§ Working data:
--

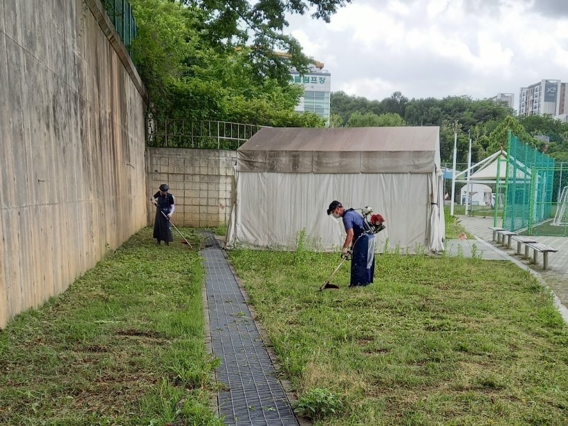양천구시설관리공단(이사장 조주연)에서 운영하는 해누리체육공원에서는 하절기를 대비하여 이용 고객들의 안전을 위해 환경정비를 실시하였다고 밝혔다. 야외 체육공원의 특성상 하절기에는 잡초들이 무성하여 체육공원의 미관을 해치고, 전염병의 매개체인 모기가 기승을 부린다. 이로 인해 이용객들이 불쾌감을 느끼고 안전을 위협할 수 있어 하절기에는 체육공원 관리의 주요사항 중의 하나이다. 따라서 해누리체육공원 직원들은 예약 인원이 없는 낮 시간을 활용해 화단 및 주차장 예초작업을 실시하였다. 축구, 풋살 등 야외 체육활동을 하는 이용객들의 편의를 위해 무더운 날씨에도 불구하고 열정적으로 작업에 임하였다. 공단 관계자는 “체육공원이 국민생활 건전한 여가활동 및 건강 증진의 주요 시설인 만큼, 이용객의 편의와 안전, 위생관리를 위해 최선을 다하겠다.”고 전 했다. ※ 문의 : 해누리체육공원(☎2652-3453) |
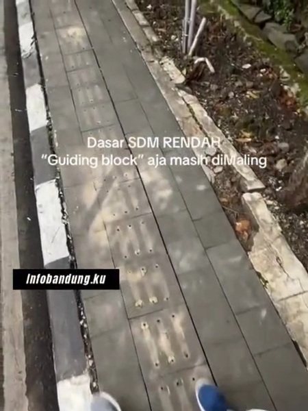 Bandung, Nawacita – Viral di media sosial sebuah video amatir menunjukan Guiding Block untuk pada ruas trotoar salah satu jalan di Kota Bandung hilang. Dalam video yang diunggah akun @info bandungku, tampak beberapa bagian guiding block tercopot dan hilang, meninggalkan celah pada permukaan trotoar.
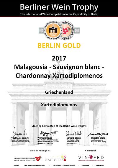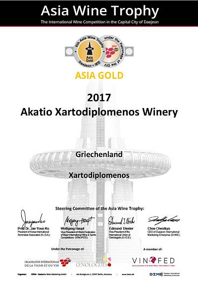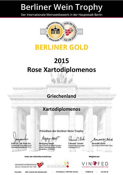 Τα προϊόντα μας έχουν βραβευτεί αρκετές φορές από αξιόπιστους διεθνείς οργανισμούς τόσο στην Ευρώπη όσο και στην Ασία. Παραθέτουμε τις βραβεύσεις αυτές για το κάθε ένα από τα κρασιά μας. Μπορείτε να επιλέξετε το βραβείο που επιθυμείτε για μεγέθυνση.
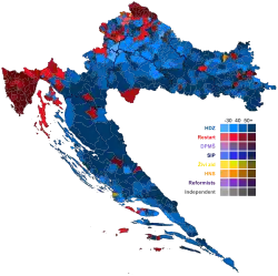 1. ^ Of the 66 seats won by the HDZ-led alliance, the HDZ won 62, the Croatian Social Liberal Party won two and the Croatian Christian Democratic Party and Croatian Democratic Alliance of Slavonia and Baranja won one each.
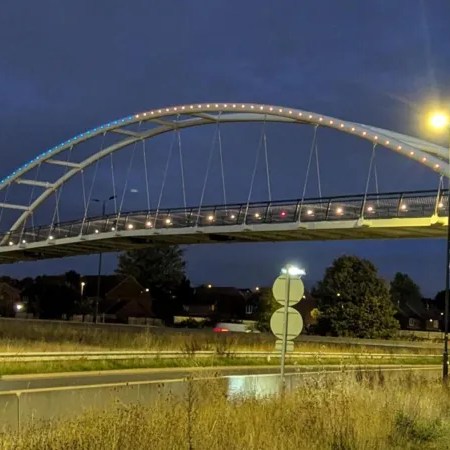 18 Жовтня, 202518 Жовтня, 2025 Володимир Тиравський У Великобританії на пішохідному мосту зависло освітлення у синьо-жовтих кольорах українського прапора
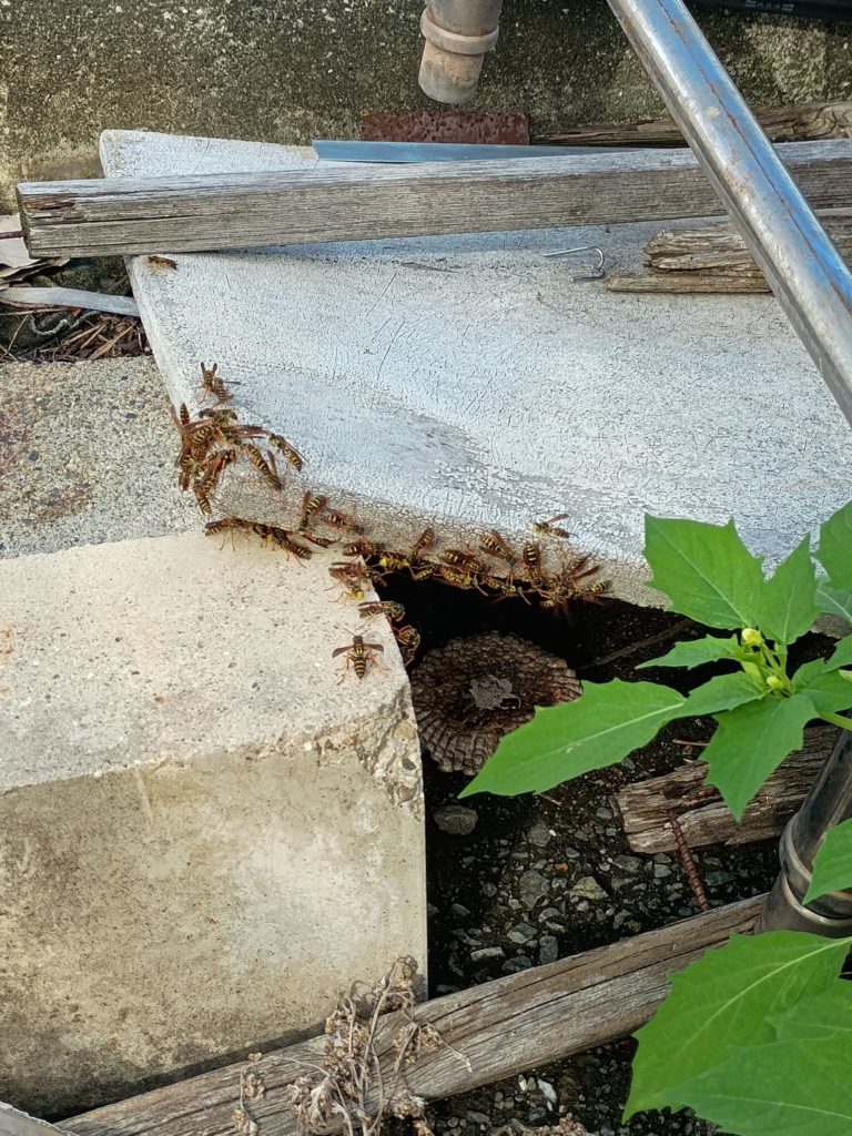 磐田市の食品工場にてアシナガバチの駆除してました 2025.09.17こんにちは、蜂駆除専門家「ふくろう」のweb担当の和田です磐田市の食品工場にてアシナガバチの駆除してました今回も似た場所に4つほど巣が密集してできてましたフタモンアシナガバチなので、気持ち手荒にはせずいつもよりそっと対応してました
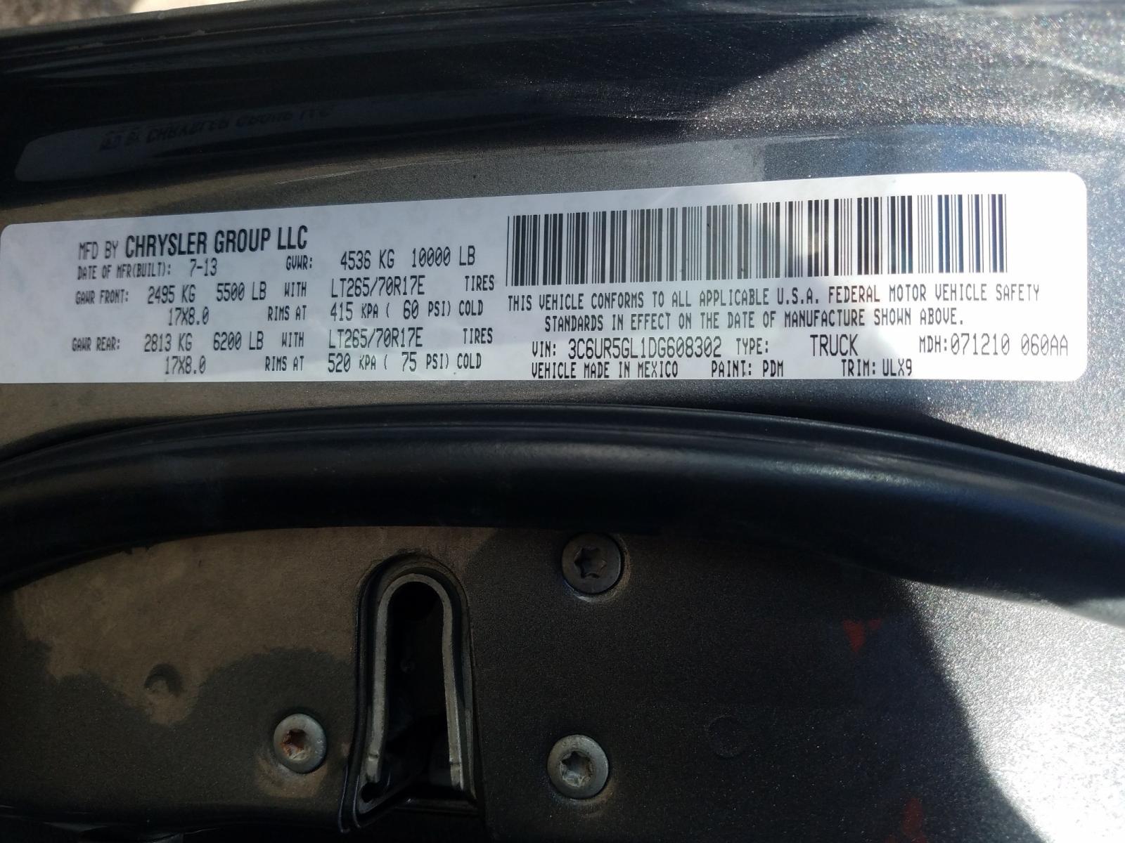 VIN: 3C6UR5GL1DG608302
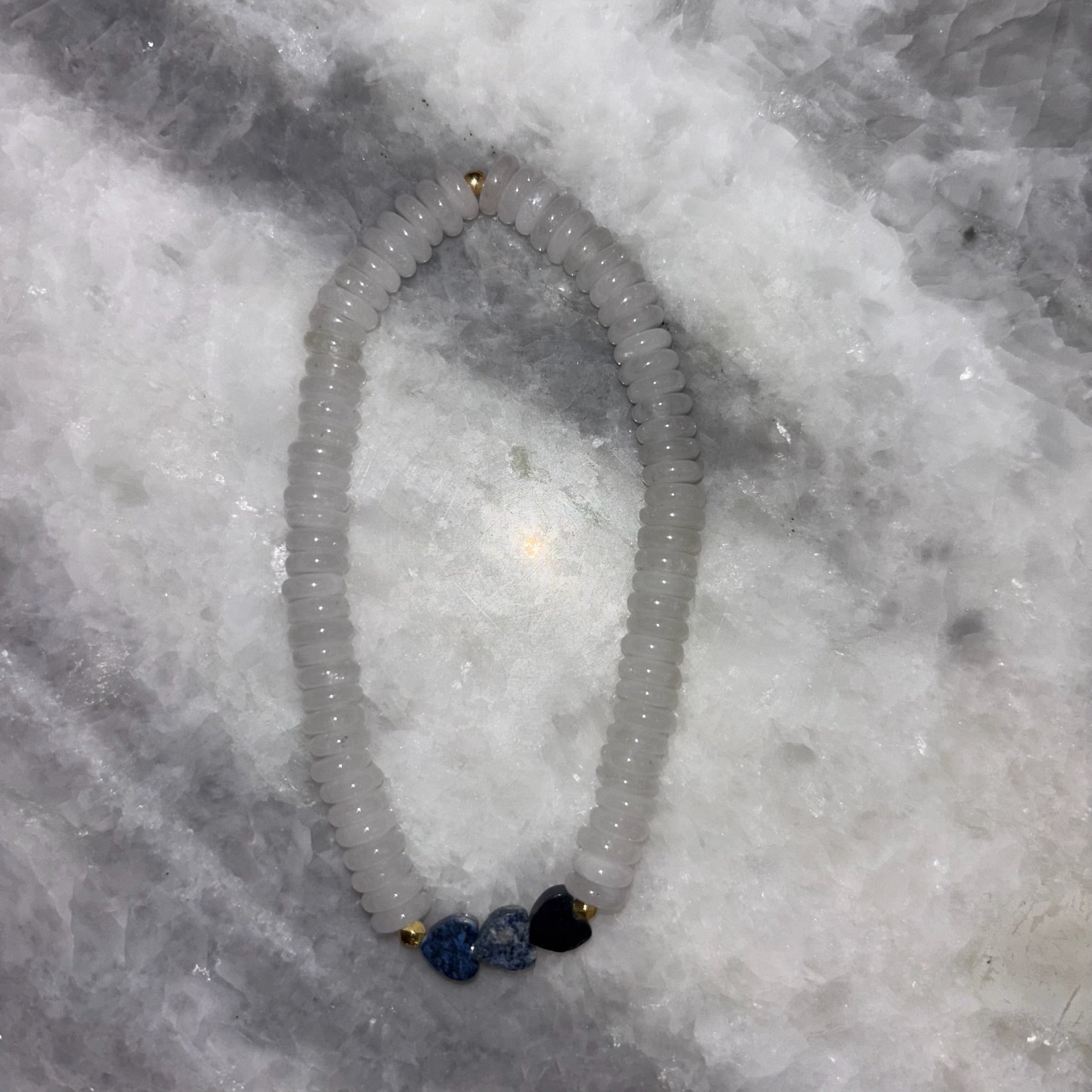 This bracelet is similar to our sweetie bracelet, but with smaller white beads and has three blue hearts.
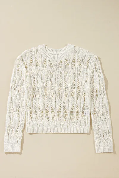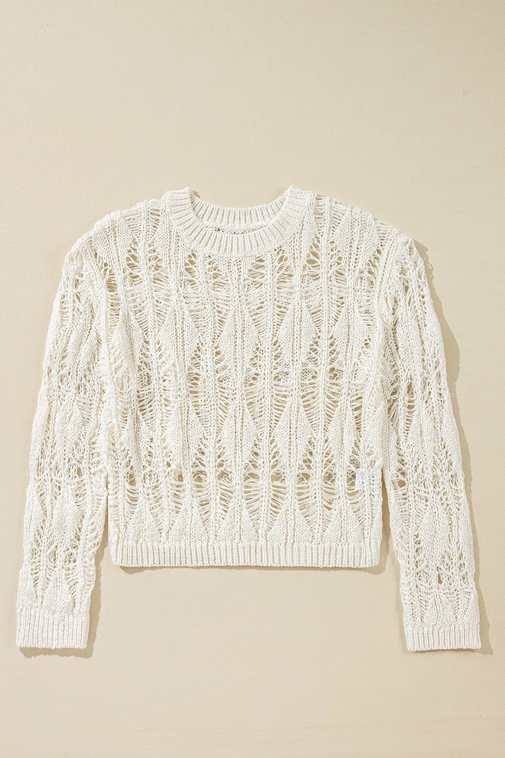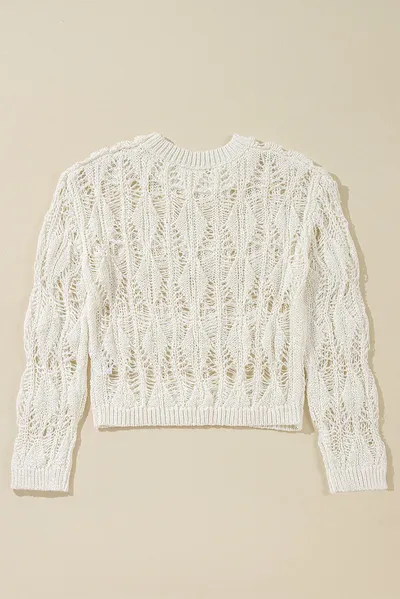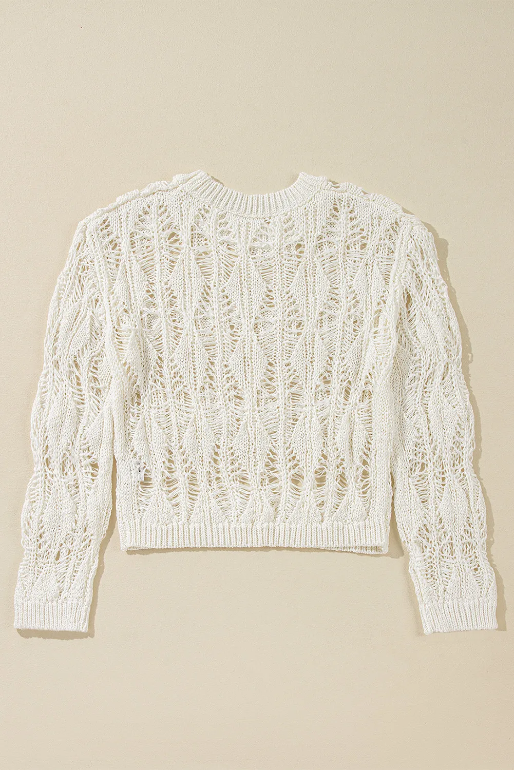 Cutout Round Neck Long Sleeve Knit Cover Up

--

§ To do:
Pictures are not part of the copy. Please reproduce the material word for word.

§ Answer to this exercise:
양천구시설관리공단(이사장 조주연)에서 운영하는 해누리체육공원에서는 하절기를 대비하여 이용 고객들의 안전을 위해 환경정비를 실시하였다고 밝혔다. 야외 체육공원의 특성상 하절기에는 잡초들이 무성하여 체육공원의 미관을 해치고, 전염병의 매개체인 모기가 기승을 부린다. 이로 인해 이용객들이 불쾌감을 느끼고 안전을 위협할 수 있어 하절기에는 체육공원 관리의 주요사항 중의 하나이다. 따라서 해누리체육공원 직원들은 예약 인원이 없는 낮 시간을 활용해 화단 및 주차장 예초작업을 실시하였다. 축구, 풋살 등 야외 체육활동을 하는 이용객들의 편의를 위해 무더운 날씨에도 불구하고 열정적으로 작업에 임하였다. 공단 관계자는 “체육공원이 국민생활 건전한 여가활동 및 건강 증진의 주요 시설인 만큼, 이용객의 편의와 안전, 위생관리를 위해 최선을 다하겠다.”고 전 했다. ※ 문의 : 해누리체육공원(☎2652-3453) |
 Bandung, Nawacita – Viral di media sosial sebuah video amatir menunjukan Guiding Block untuk pada ruas trotoar salah satu jalan di Kota Bandung hilang. Dalam video yang diunggah akun @info bandungku, tampak beberapa bagian guiding block tercopot dan hilang, meninggalkan celah pada permukaan trotoar.
 Τα προϊόντα μας έχουν βραβευτεί αρκετές φορές από αξιόπιστους διεθνείς οργανισμούς τόσο στην Ευρώπη όσο και στην Ασία. Παραθέτουμε τις βραβεύσεις αυτές για το κάθε ένα από τα κρασιά μας. Μπορείτε να επιλέξετε το βραβείο που επιθυμείτε για μεγέθυνση.
 1. ^ Of the 66 seats won by the HDZ-led alliance, the HDZ won 62, the Croatian Social Liberal Party won two and the Croatian Christian Democratic Party and Croatian Democratic Alliance of Slavonia and Baranja won one each.
 18 Жовтня, 202518 Жовтня, 2025 Володимир Тиравський У Великобританії на пішохідному мосту зависло освітлення у синьо-жовтих кольорах українського прапора
 磐田市の食品工場にてアシナガバチの駆除してました 2025.09.17こんにちは、蜂駆除専門家「ふくろう」のweb担当の和田です磐田市の食品工場にてアシナガバチの駆除してました今回も似た場所に4つほど巣が密集してできてましたフタモンアシナガバチなので、気持ち手荒にはせずいつもよりそっと対応してました
 VIN: 3C6UR5GL1DG608302
 This bracelet is similar to our sweetie bracelet, but with smaller white beads and has three blue hearts.
 Cutout Round Neck Long Sleeve Knit Cover Up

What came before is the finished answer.